[Exercise details]
Take the entries below and reproduce exactly the portion that begins at the line containing "檢查電池、配比藥劑、設定航線" and ends at the line containing "Die regelmässige Teilnahme", keeping both ends, dropping pictures, and adding nothing else.

[Extracted records]
------------------------------------------------

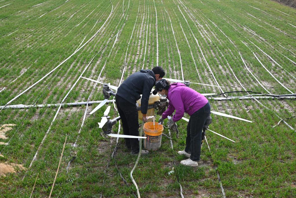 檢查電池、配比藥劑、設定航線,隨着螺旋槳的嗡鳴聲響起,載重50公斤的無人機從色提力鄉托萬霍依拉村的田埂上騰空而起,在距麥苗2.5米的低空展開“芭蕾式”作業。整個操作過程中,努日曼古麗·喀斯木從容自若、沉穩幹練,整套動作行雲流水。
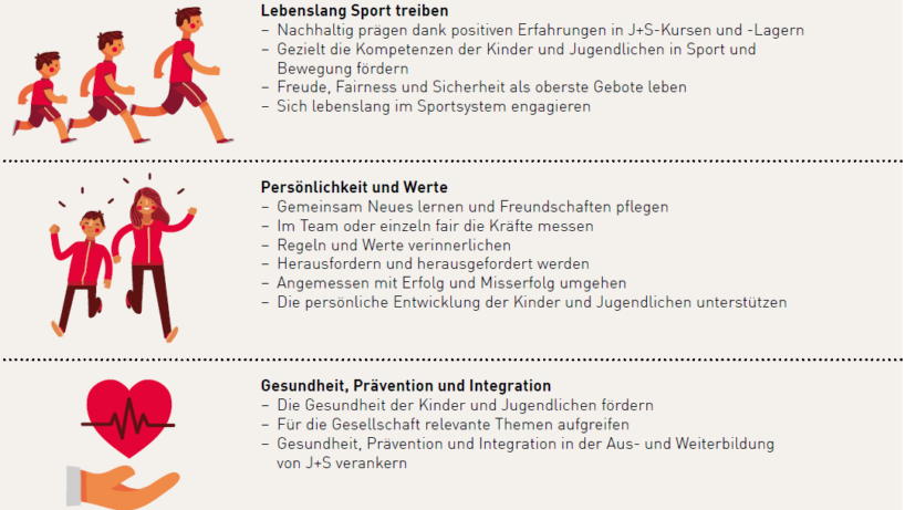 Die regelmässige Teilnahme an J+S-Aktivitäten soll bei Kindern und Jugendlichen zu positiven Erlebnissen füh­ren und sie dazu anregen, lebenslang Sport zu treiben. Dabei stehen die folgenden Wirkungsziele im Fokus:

------------------------------------------------

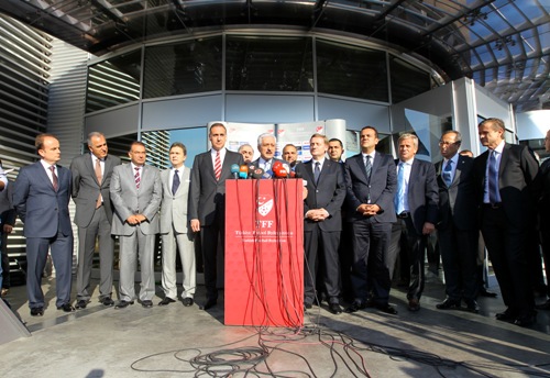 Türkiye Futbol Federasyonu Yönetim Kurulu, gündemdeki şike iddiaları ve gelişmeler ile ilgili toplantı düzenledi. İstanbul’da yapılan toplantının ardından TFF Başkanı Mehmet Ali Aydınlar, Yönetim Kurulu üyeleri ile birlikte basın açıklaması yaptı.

------------------------------------------------

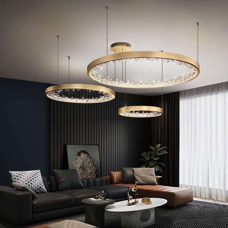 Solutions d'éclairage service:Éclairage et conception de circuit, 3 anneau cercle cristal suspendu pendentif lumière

------------------------------------------------

[Solved problem]
 檢查電池、配比藥劑、設定航線,隨着螺旋槳的嗡鳴聲響起,載重50公斤的無人機從色提力鄉托萬霍依拉村的田埂上騰空而起,在距麥苗2.5米的低空展開“芭蕾式”作業。整個操作過程中,努日曼古麗·喀斯木從容自若、沉穩幹練,整套動作行雲流水。
 Die regelmässige Teilnahme an J+S-Aktivitäten soll bei Kindern und Jugendlichen zu positiven Erlebnissen füh­ren und sie dazu anregen, lebenslang Sport zu treiben. Dabei stehen die folgenden Wirkungsziele im Fokus:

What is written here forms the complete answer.